PROJECT SUMMARY/ABSTRACT Aggressive forms of periodontitis associated with Aggregatibacter actinomycetemcomitans (Aa) are often difficult to treat with traditional means (scaling and root planing, in combination with systemic antibiotics). During infection, Aa produces a leukotoxin (LtxA) that kills host immune cells, thus reducing the host’s ability to clear the infection. Although an association between LtxA expression levels and pathogenicity of Aa has been well documented, particularly in adolescent patients, and the mechanisms by which LtxA kills host cells have been well studied, few new treatment options have been developed in recent years. We propose that LtxA represents an ideal therapeutic target that could be exploited to develop next generation therapeutics for Aa infections in juveniles. The long-term goal of the PI is to develop LtxA-focused therapeutics for the treatment of Aa. The overall objective of this project is to construct a liposome-based, LtxA-responsive antibiotic delivery vehicle to treat Aa infections. The general hypothesis is that LtxA will enable antibiotic release only in the presence of pathogenic (LtxA- expressing) strains of Aa. The general hypothesis will be tested via the following specific aims: (1) Optimize liposome composition to promote LtxA adsorption and LtxA-mediated disruption and (2) Determine the therapeutic liposome concentrations necessary to enhance host cell survival. In Aim 1, we will optimize the composition of the liposome to enhance LtxA-mediated antibiotic release and LtxA adsorption. In Aim 2, we will test the effect of the liposomes on host cell survival in a co-culture model of infection. At the successful completion of the proposed research, the expected outcome is a novel therapeutic option to treat Aa infections in adolescents. The innovation of the proposed work lies in its use of LtxA as a therapeutic target, as well as the development of a controlled antibiotic delivery vehicle for the treatment of aggressive periodontitis. These results will provide a strong basis for the future development of LtxA-focused therapeutics, which is expected to have a significant impact on the clinical treatment of Aa-associated infections in juveniles by providing additional, non- surgical options. This research aligns with NIDCR’s mission to improve oral health through its development of a new treatment for periodontal infections.

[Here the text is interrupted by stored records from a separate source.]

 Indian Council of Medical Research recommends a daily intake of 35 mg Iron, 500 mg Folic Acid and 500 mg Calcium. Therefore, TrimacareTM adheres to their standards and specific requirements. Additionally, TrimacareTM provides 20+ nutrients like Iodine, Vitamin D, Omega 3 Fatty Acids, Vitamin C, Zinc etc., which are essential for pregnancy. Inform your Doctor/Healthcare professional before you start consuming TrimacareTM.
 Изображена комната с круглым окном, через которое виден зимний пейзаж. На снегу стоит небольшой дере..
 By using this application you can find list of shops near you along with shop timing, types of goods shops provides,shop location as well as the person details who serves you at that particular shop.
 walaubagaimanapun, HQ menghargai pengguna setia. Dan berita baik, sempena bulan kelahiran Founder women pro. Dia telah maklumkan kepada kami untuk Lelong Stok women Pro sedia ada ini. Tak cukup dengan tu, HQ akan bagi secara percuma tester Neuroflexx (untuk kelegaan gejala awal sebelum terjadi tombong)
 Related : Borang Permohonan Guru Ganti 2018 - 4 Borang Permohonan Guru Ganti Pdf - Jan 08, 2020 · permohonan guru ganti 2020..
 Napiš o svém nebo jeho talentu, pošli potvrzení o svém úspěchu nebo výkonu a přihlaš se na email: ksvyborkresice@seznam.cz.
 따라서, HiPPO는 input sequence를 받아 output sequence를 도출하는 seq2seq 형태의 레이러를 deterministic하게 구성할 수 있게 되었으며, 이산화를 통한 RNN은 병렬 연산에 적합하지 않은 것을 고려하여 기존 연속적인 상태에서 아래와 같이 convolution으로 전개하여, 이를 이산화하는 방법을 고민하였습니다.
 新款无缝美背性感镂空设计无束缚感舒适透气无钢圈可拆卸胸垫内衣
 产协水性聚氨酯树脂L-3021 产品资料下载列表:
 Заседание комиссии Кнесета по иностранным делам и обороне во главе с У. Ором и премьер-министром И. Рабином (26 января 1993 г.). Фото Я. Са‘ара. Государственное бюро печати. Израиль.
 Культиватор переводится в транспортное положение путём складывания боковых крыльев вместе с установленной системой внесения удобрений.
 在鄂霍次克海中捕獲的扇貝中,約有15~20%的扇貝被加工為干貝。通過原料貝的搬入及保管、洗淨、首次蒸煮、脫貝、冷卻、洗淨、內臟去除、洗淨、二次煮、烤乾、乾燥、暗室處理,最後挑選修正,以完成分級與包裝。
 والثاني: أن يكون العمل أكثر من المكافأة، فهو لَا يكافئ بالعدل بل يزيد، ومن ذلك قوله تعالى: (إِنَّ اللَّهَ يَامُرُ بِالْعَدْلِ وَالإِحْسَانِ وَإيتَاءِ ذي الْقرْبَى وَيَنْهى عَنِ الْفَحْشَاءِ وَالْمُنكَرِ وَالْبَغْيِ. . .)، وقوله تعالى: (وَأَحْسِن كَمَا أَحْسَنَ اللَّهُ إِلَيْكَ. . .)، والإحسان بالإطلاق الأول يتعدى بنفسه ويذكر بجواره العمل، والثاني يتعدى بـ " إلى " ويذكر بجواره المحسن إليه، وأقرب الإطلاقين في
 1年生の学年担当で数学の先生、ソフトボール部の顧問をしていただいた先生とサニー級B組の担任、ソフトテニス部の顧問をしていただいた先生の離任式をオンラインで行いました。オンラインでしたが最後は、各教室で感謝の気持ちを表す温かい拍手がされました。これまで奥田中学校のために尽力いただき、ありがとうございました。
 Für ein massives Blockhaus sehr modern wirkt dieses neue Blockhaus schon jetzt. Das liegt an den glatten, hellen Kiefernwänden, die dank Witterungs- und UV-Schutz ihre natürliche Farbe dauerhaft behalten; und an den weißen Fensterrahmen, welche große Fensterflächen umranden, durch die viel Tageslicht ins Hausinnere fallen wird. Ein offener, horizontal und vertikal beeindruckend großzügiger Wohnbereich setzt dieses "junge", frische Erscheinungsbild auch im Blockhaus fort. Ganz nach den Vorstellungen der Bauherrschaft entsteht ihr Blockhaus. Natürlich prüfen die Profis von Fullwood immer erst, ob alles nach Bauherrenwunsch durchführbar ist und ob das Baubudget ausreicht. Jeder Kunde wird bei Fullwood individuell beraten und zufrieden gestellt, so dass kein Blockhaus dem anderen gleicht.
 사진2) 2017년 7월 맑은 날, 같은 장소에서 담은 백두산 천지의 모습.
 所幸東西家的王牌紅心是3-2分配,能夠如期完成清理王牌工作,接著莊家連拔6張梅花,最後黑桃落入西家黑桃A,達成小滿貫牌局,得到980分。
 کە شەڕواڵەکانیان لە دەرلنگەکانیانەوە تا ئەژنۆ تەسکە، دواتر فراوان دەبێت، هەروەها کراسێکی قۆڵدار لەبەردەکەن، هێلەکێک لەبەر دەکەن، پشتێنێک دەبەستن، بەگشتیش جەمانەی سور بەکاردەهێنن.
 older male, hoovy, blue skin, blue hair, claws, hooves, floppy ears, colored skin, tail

项目摘要/摘要 与聚集放线菌的牙周炎相关的侵袭性形式通常很难 用传统手段（缩放和根计划，与全身性抗生素结合使用）。 感染，AA产生杀死宿主免疫细胞的白细胞毒素（LTXA），从而降低了宿主清除的能力 感染。尽管LTXA表达水平与AA致病性之间的关联状况很好 有记录，特别是在青春期患者中，LTXA杀死宿主细胞的机制已有 近年来研究良好，很少有新的治疗选择。我们建议LTXA代表 可以探索的理想疗法靶标，以开发针对AA感染的下一代疗法 少年。 PI的长期目标是开发以LTXA为中心的疗法来治疗AA。总体目标 该项目中的一个是构建一种基于脂质体的LTXA响应性抗生素递送工具来治疗AA感染。 一般的假设是，LTXA仅在病原性的情况下才能实现抗生素释放（LTXA- 表达）aa菌株。一般假设将通过以下特定目的进行检验：（1）优化 脂质体组成可促进LTXA吸附和LTXA介导的破坏，（2）确定 增强宿主细胞存活所需的治疗性脂质体浓度。在AIM 1中，我们将优化 脂质体的组成，以增强LTXA介导的抗生素释放和LTXA吸附。在AIM 2中，我们将 测试脂质体对宿主细胞存活的影响，在感染的共培养模型中。在成功 拟议研究的完成，预期的结果是治疗AA感染的新型热选择 在青少年。拟议工作的创新在于使用LTXA作为治疗目标，以及 开发用于治疗侵袭性牙周炎的受控抗生素递送工具。这些结果 将为以LTXA为中心的疗法的未来发展提供强大的基础，预计将有一个 通过提供额外的，非 - 手术选择。这项研究符合NIDCR通过开发口服健康的使命 牙周感染的新治疗方法。